Randindex overflow error

deepcharles / ruptures

ruptures: change point detection in Python

BSD 2-Clause "Simplified" License

1.56k stars 161 forks source link

Randindex overflow error #266

Closed missrg11 closed 1 year ago

missrg11 commented 1 year ago

I have noticed that when working with long signals ( >150,000 samples), an overflow occurs on the Randindex calculations, resulting to negative value for disagreement and out-of-range value for Randindex.

Not sure if this is due to system settings or general issue, however I would suggest slight adjustment to the code in order to avoid it. The issue does not occur when the order or the calculations changes.

Hence, within the Randindex function to replace this:

disagreement /= n_samples * (n_samples - 1) / 2

with this:

disagreement = (disagreement/n_samples) / (n_samples - 1) / 2

oboulant commented 1 year ago

Hi @missrg11 ,

Thx for your interest in ruptures !

Could you share here a code snippet to reproduce the issue ? I would like to investigate this a bit deeper.

Best !

missrg11 commented 1 year ago

Hi, thanks for getting back to me on this.

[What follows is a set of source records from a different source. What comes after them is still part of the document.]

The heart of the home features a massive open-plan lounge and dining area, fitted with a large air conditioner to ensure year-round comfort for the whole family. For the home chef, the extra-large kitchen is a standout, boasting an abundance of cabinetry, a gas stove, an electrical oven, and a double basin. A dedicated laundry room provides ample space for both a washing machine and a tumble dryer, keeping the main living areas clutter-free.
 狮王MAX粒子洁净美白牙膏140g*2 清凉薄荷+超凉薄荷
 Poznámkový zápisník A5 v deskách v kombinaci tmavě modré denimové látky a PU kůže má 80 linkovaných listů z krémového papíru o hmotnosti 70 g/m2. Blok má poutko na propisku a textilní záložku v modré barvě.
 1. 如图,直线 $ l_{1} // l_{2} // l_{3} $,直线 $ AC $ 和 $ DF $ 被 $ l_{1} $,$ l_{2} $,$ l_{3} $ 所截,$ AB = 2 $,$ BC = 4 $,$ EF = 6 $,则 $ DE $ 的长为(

After investigating more on the issue, it had to do with the fact that the lists with breakpoints used as input arguments were int32 rather than int.

When the lists contain int elements, the existing code works just fine.

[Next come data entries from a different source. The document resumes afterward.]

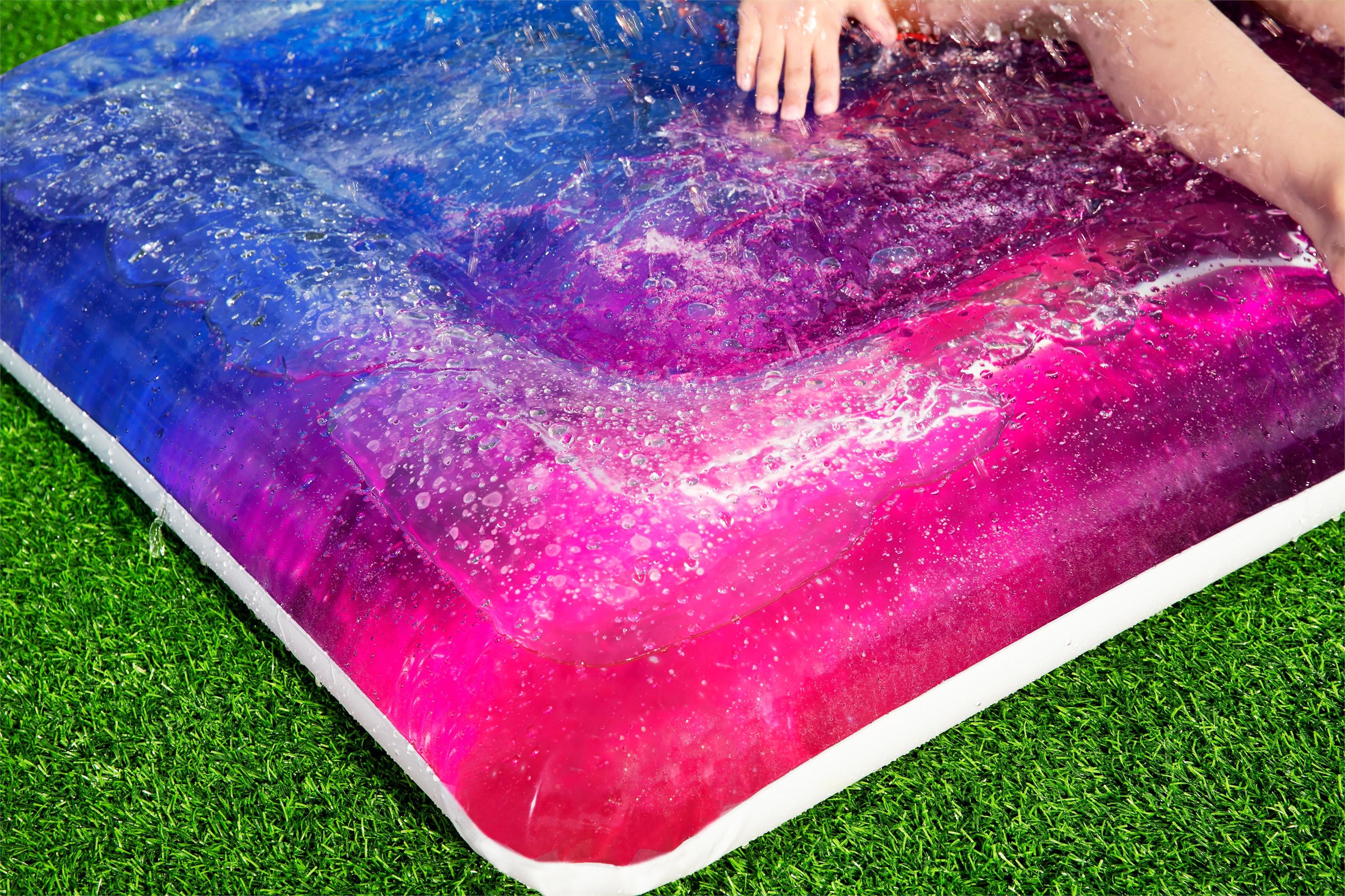 Je zet het Bestway waterkussen snel en eenvoudig op. Haal de mat uit de verpakking en plooi hem voorzichtig open. Sluit de waterspeelmat vervolgens aan op een tuinslang. Je dient de mat niet op te blazen, maar simpelweg te vullen met water via de tuinslang. Hoe meer waterdruk zich opbouwt in het kussen, des te meer water er uit de sproeigaatjes zal komen. Dit staat garant voor uren aan speelplezier. In totaal gaat er maximaal 110 liter in het waterkussen. Je kunt dit unieke stukje waterspeelgoed daarnaast zowel binnen als buiten gebruiken. Het water op de watermat wordt via een mondstuk aan de bovenzijde van de mat afgevoerd.
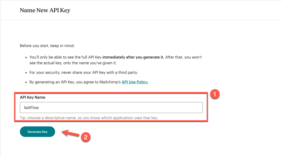 Điền API key name và chọn Generate Key.
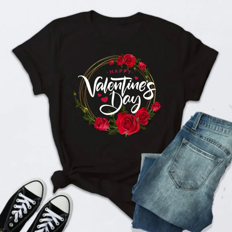 Новинка 2022, модная женская одежда, дизайнерская футболка с красной розой на День святого Валентина, повседневная черная футболка, женский топ с коротким рукавом, рубашка

oboulant commented 1 year ago

Thx for the info ! Please, do not hesitate to send a code snippet so we can replicate this issue and make sure we cover every possible explanations.

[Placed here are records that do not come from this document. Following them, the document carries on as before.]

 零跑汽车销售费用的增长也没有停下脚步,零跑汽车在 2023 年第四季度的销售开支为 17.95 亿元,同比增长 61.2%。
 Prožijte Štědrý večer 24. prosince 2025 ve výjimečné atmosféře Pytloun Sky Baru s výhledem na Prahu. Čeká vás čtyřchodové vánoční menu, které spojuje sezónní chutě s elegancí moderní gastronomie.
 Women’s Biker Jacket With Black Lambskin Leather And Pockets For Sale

Now, extrapolating on the new information you provided :

If breakpoints are indeed numpy lists of intXX dtype, then yes min and max values are governed by - 2**(XX-1)< value < 2**(XX-1)-1. If you are in int32, then -2147483648< value < 2147483647. And indeed, for signal for size ~150k, then n_samples * (n_samples - 1) / 2 is larger than 2147483647. Which may cause an overflow at the denominator.

Otherwise, if breakpoints are List of Python plain int, then you should be fine since there is no longer a limit to the value of integers (here)

oboulant commented 1 year ago

Closing this issue for now ! Please feel free to reopen if needed !